I am weak, imperfect and afraid. It may appear on the outside that I am a strong, independent, can roll with the punches sort of girl, but if I am being honest I know that I can do none of these. It is only through Christ that I am strong. My independence is rooted in His unfailing love and it is only by His refining fires that I am able to see trial as good.
I ran across a quote from John Piper not long ago that stopped me in my happy-go-lucky tracks:
"The critical question for our generation--and for every generation--is this: If you could have heaven, with no sickness, and with all the friends you ever had on earth, and all the food you ever liked, and all the leisure activities you ever enjoyed, and all the natural beauties you ever saw, all the physical pleasures you ever tasted, and no human conflict or any natural disasters, could you be satisfied with heaven, if Christ was not there?"

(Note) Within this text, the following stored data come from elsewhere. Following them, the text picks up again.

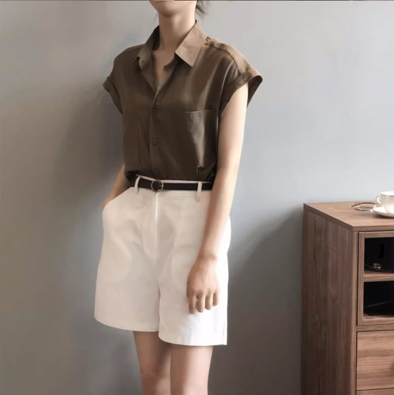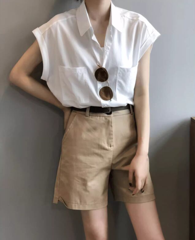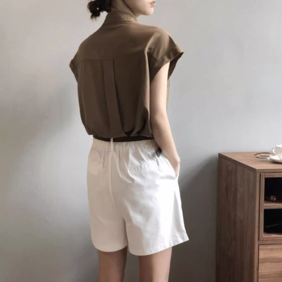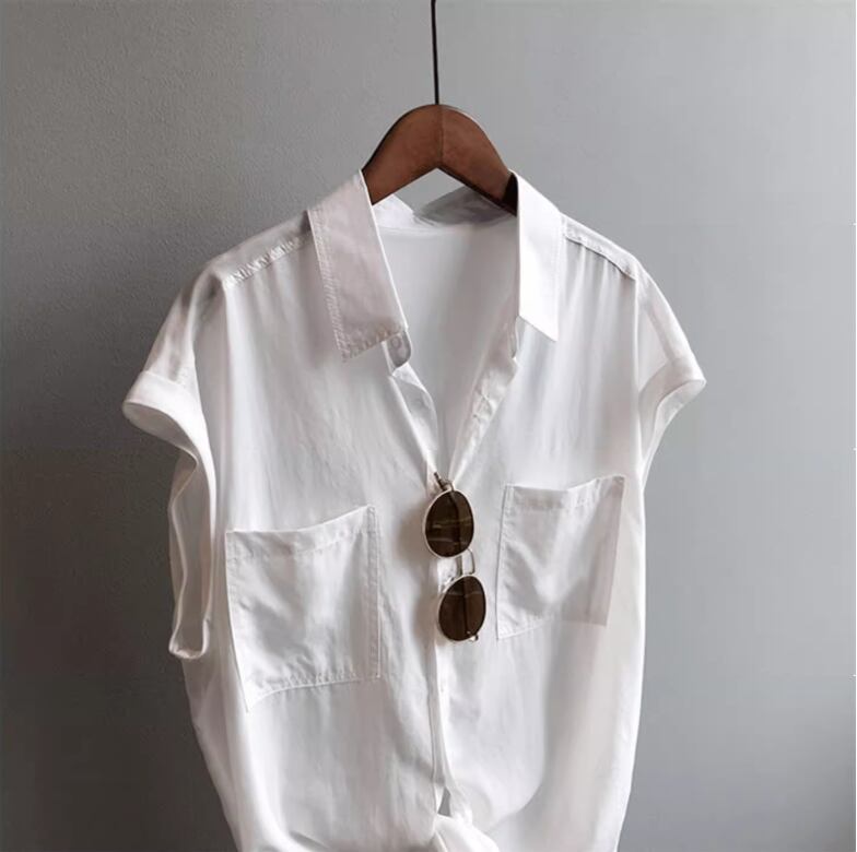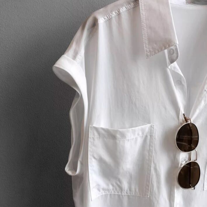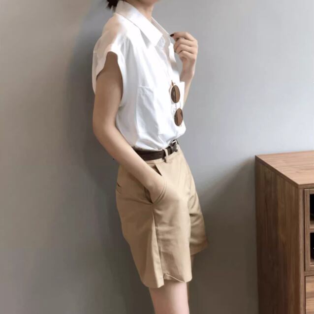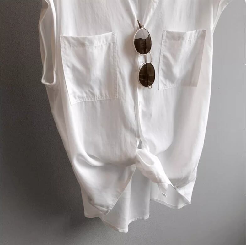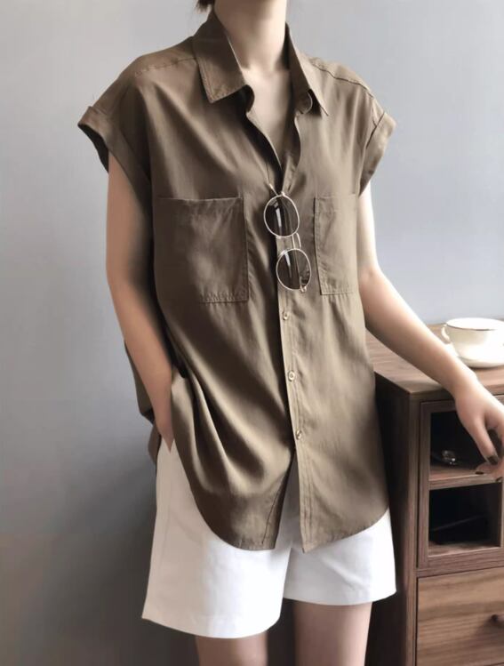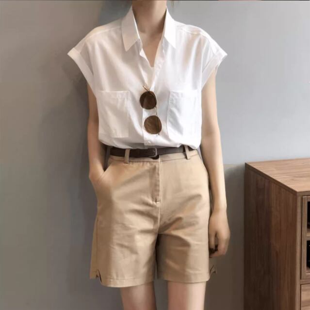 トップス シャツ レディース 袖なし ノースリーブ Vネック 襟付き ワイド ストレート ポケット ボタン 大人可愛い きれいめ シンプル カジュアル 上品 おしゃれ レトロ こなれ感 ラフ ルーズ 抜け感 キュート 都会的 ラグジュアリー クラシカル ベーシック アクティブ 無地 夏 オフィス ビジネス OL 通勤 学生 学校 通学 デート お出かけ レストラン 女子会 休日 バカンス 高原 ホテル ガーデン ショッピング カフェ ランチ会 重ね着 レイヤード M L ホワイト ブラウン ネイビー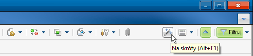 Okna aplikacji w wersji 86 zostały wzbogacone o nowe menu umożliwiające szybkie wywołanie dowolnej aktywnej akcji dostępnej dla bieżącego okna. Menu Na skróty można otworzyć poprzez wybór dedykowanego przycisku z paska narzędzi bądź przy użyciu skrótu klawiszowego Alt+F1.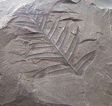 Fragments of the fronds are the most frequently found fossils of the Medullosales, and they have been widely used for biostratigraphy[19] and biogeographical studies.[20] Most are characterised by a major fork of the main rachis in the lower (proximal) part of the frond. Each branch produced by the fork has an essentially pinnate appearance, superficially resembling the fronds of many ferns, but it is now thought that they in fact consist of a series of more or less overtopped dichotomies.[21] Only one group of fronds, known as parispermacean fronds (fossil genera Paripteris and Linopteris), lacked this major dichotomy although they were still thought to have been constructed from a series of overtopped dichotomies.[22]
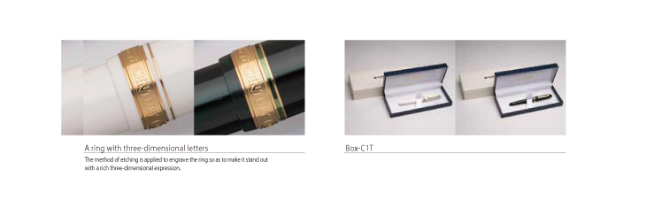 New colors, Chenonceau White and Laurel Green, will be added to the #3776 CENTURY series, which is enjoying a good reputation for its “Slip & Seal Mechanism” that prevents ink from drying out in the pen for up to two years as well as the 14K gold wide nib and the standard, well-balanced round form. In addition, the entire quality of the pens has been improved thanks to attention to detail including the cap ring to which the method of etching has been applied to provide a three-dimensional effect to the logo.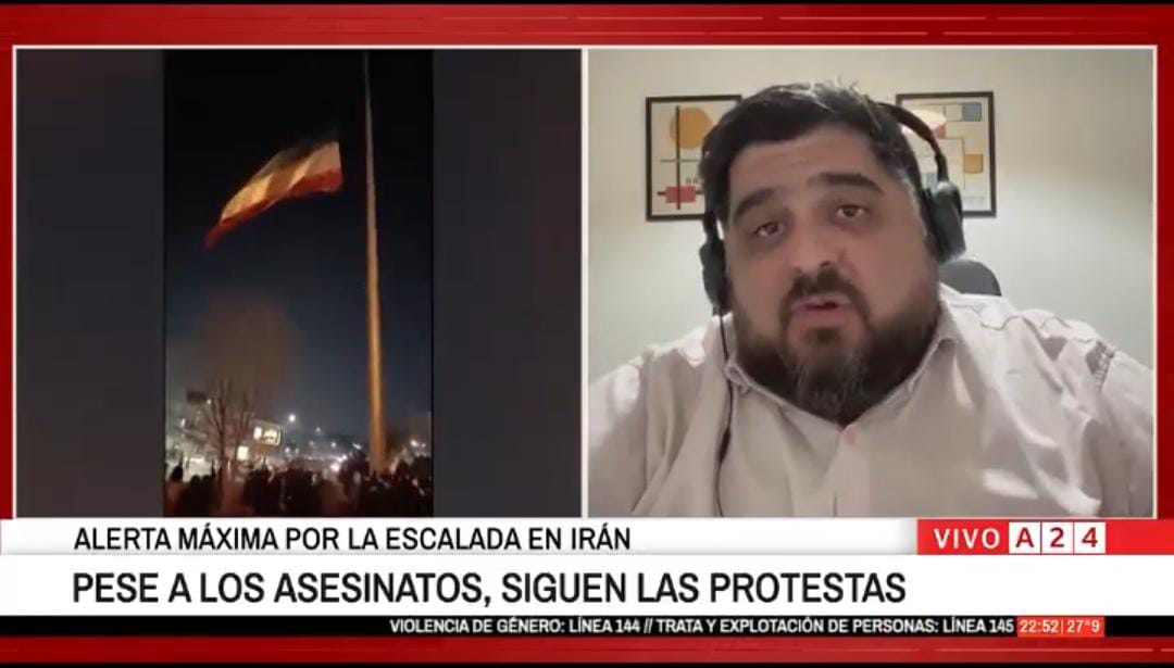 En Basta Baby (A24), Said Chaya, director del Núcleo de Estudios en Medio Oriente de la Universidad Austral, advirtió sobre el aumento de la tensión entre Irán y Estados Unidos, tras las amenazas iraníes a bases militares en la región. Señaló que, pese a la represión y los asesinatos, las protestas continúan impulsadas por una profunda crisis política, económica y social, y remarcó que no se trata de un fenómeno externo sino de un conflicto interno cada vez más complejo.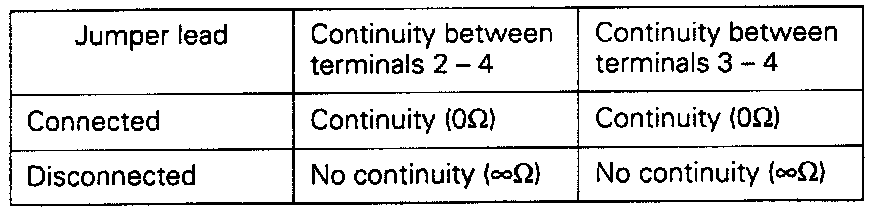6. Check the continuity between multiport fuel injection relay terminals 2 - 4 and terminals 3 - 4 while connecting and disconnecting the jumper lead at the battery (-) terminal.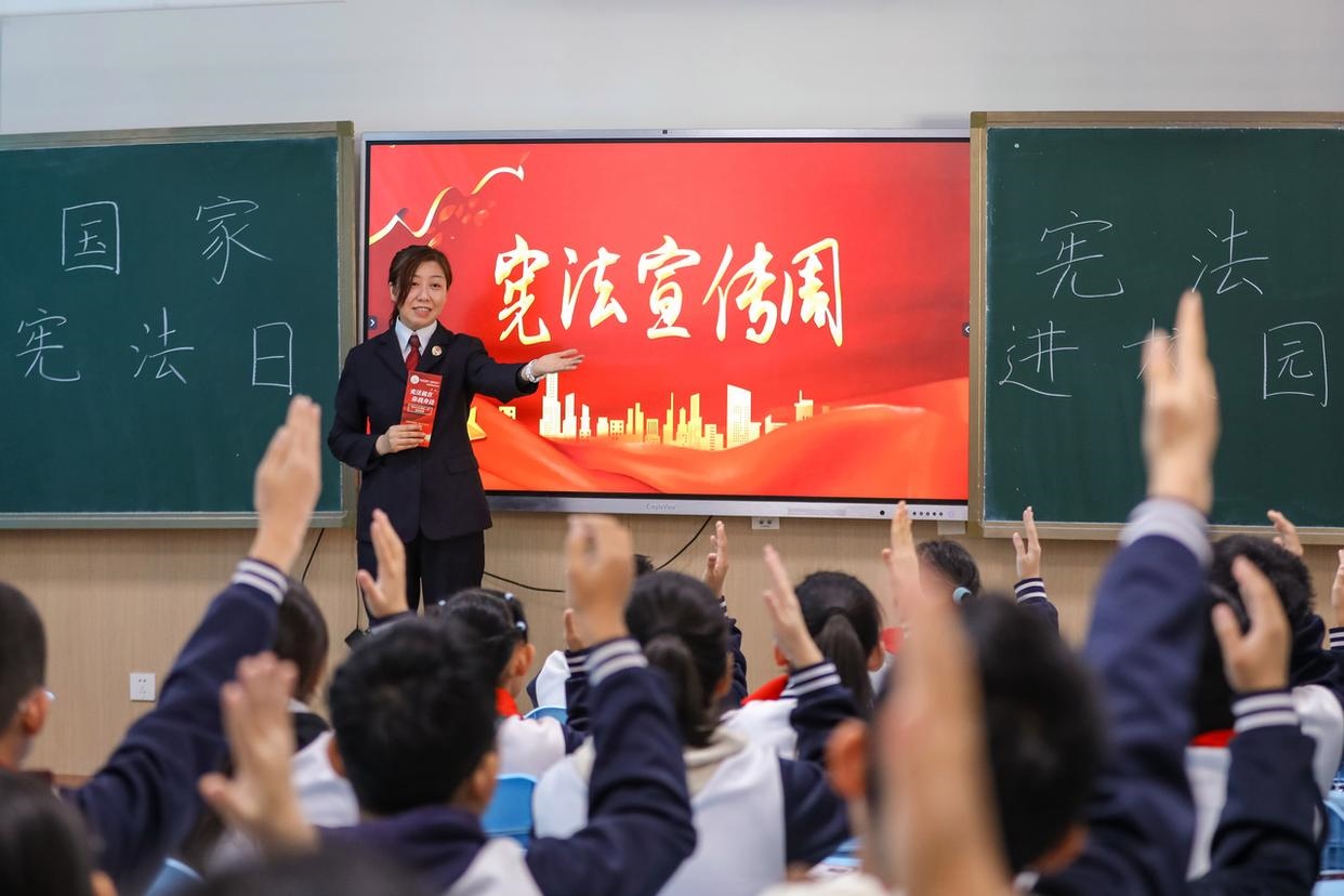 12月3日,山東省青島市李滄區(qū)人民檢察院檢察官走進(jìn)青島重慶中路學(xué)校,通過(guò)普及憲法知識(shí)、憲法誦讀、體驗(yàn)憲法宣誓等方式,讓學(xué)生們學(xué)習(xí)憲法知識(shí),增強(qiáng)法治觀念,弘揚(yáng)憲法精神。(工人日?qǐng)?bào)通訊員 張鷹 攝)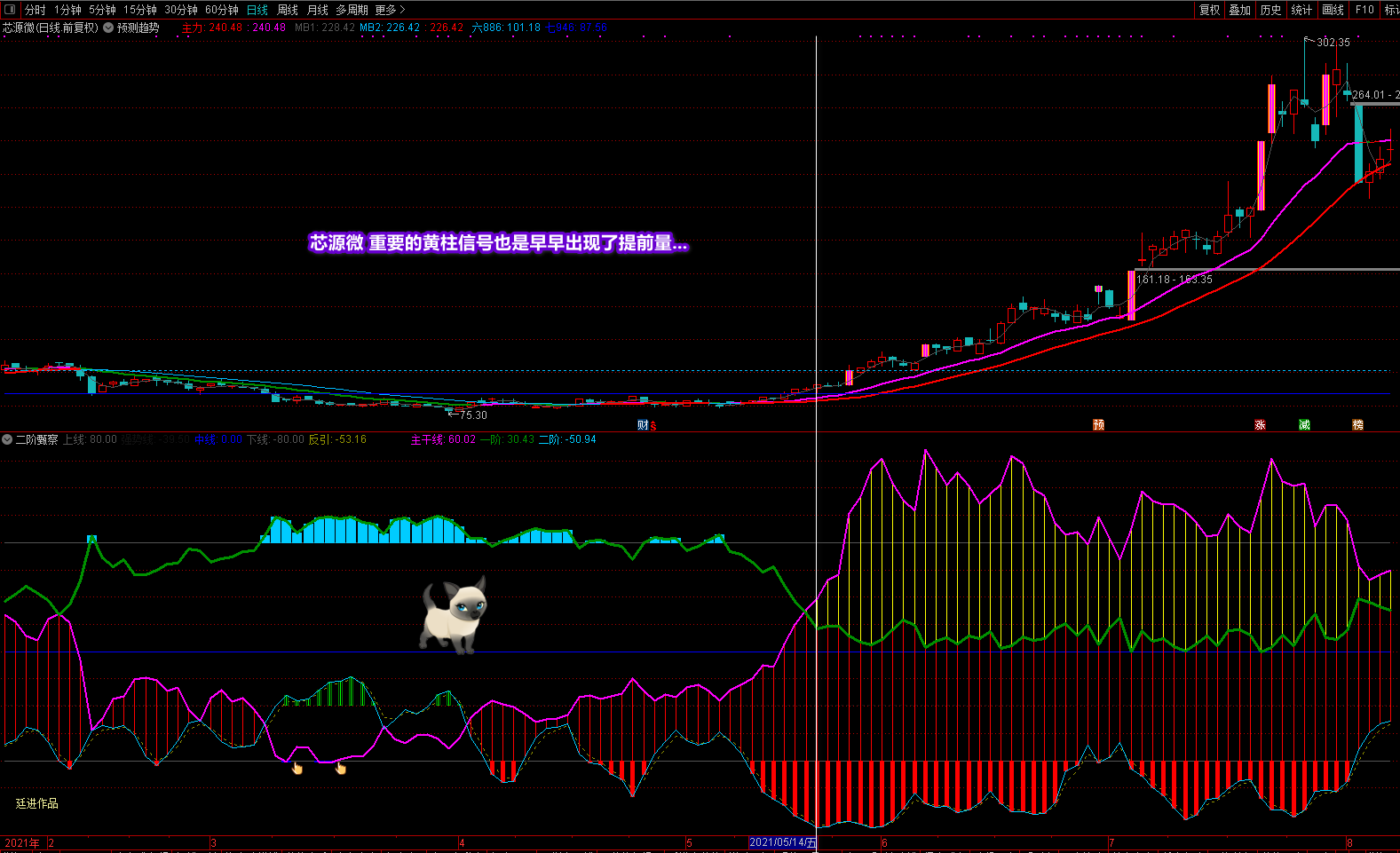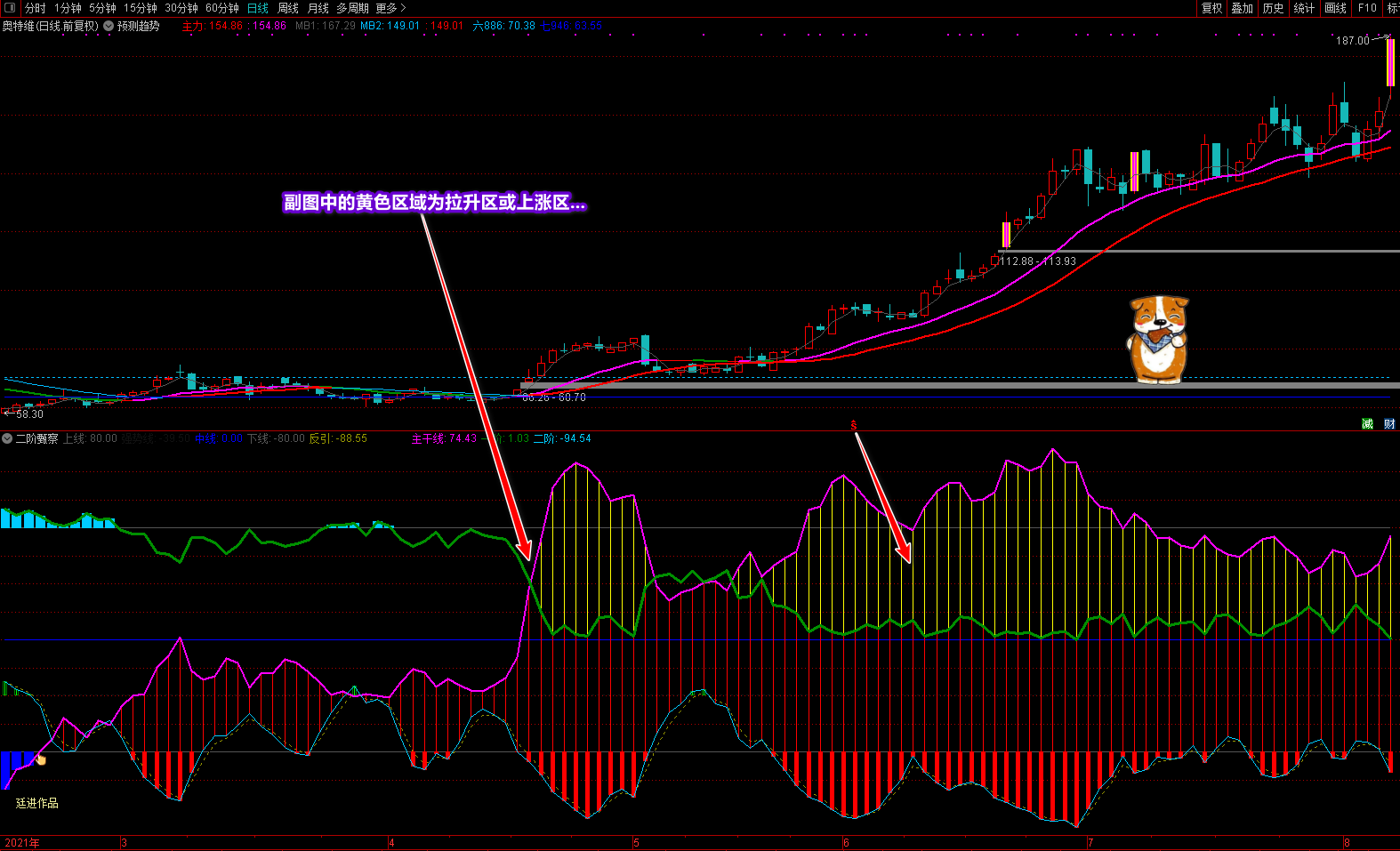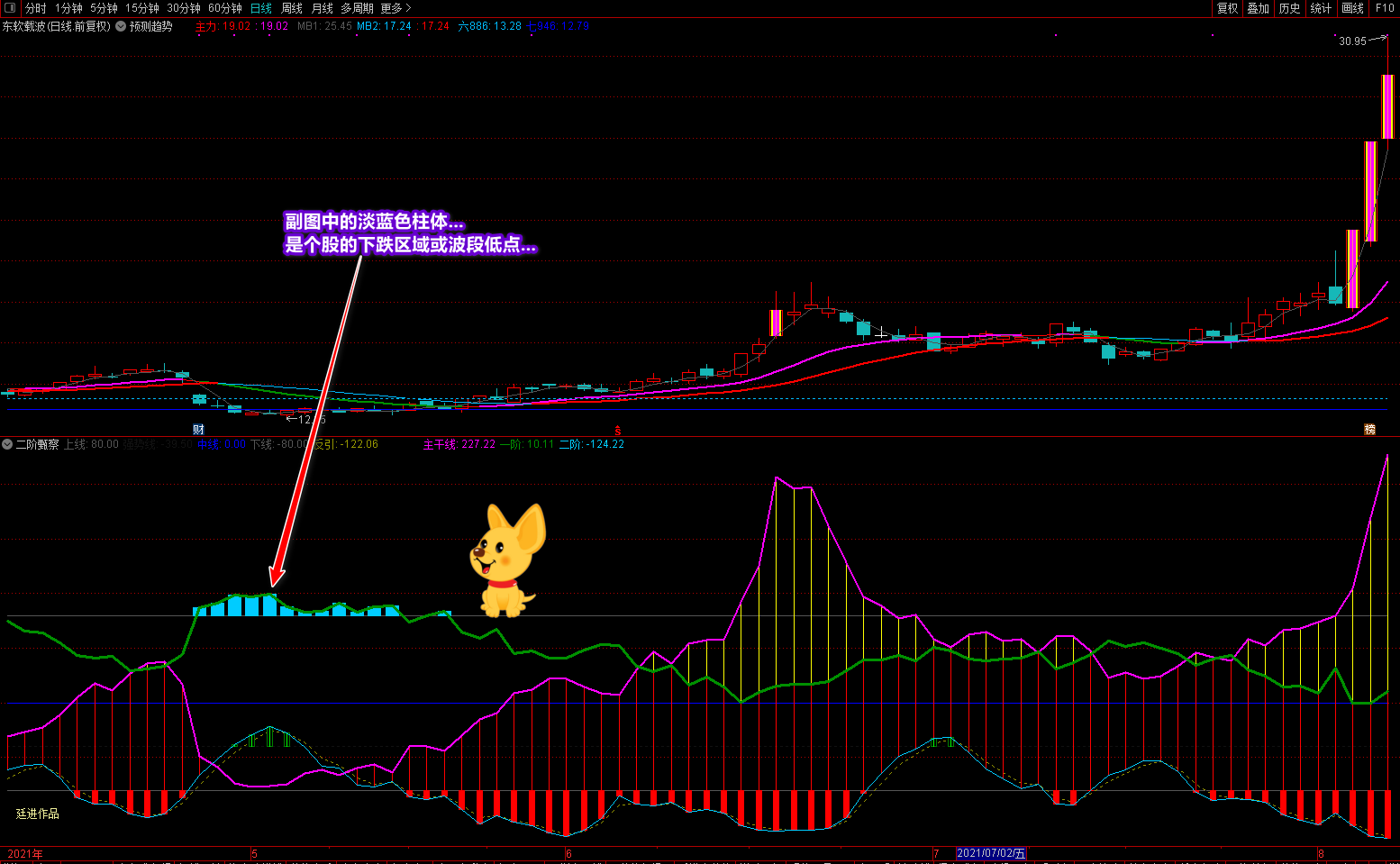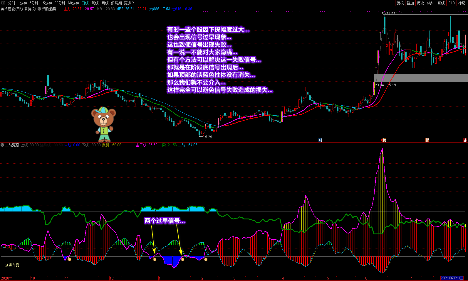 这次发表的《二阶甄察》副图指标,最大的突出点在于可以利用指标的多点信号及时把握个股的操作和进出,并利用颜色提示个股目前处在什么趋势,将来又如何去发展,什么时候可进,什么时候不该进,再配合附送的主图《预测趋势》,可以完美的对个股进行稳定操作。特别是副图中的多点信号和多点提示,对个股的操作是其它指标不可替代的。具体的操作说明和要领已经在截图中详细讲解过了,这里就不再赘述。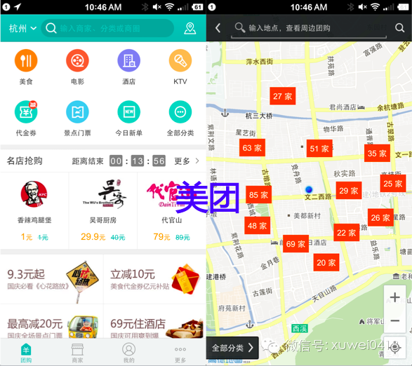 也許有些愛思考的讀者會(huì)說(shuō):“不一定啊,我用團(tuán)購(gòu)軟件去找店的。”那么請(qǐng)大家對(duì)照一下下面兩張圖:第一張左邊是百度地圖首頁(yè),右邊是點(diǎn)擊“附近”進(jìn)入的商戶類目頁(yè)面;第二張左邊是美團(tuán)網(wǎng)的首頁(yè),右邊是點(diǎn)擊“地圖”進(jìn)入的地圖頁(yè)面。怎么樣,是不是感覺(jué)二者只是換了一下順序而已?

This quote instantly exposed the shallowness of my one-sided faith in God. I am ashamed to say that too easily the answer to that question would more often than not be "yes". Is that the extent of my love for the Lord? When I face trials I go running to the Lord but when things are good I almost always fall away, thinking I can handle it on my own. How proud of me to think I can handle anything on my own. I cannot.
Last year the song "While I'm Waiting" by John Waller became sort of an anthem for my life, saying that as I wait I will continue to praise the Lord. There was nothing wrong with this idea until I began to assume that the Lord would indeed deliver me out of my situation. Now, however, I find myself asking the question "what if"--what if He chooses not to deliver me from this place in life?, what if this is exactly what God has purposed for my life? Am I willing to live it to the fullest and quit looking for the next "out", thinking that surely He has something much more grandiose for my incredible life? Woe to me.
"Father, you are good to me and so often in your blessings I lose sight of you. Your blessings feel good and bring me great joy, but without you they are nothing. I desire to live for you alone but I constantly get distracted by the good things in my life that I run after more good feelings and leave you by the wayside. Forgive me oh Lord. Without you I am nothing. I know now that no good feeling will ever fill up the void in my heart. Forgive me for trying to stuff people and things and places into a God-sized hole. Let my feet run after you and my eyes see none but you. Lord, let it be."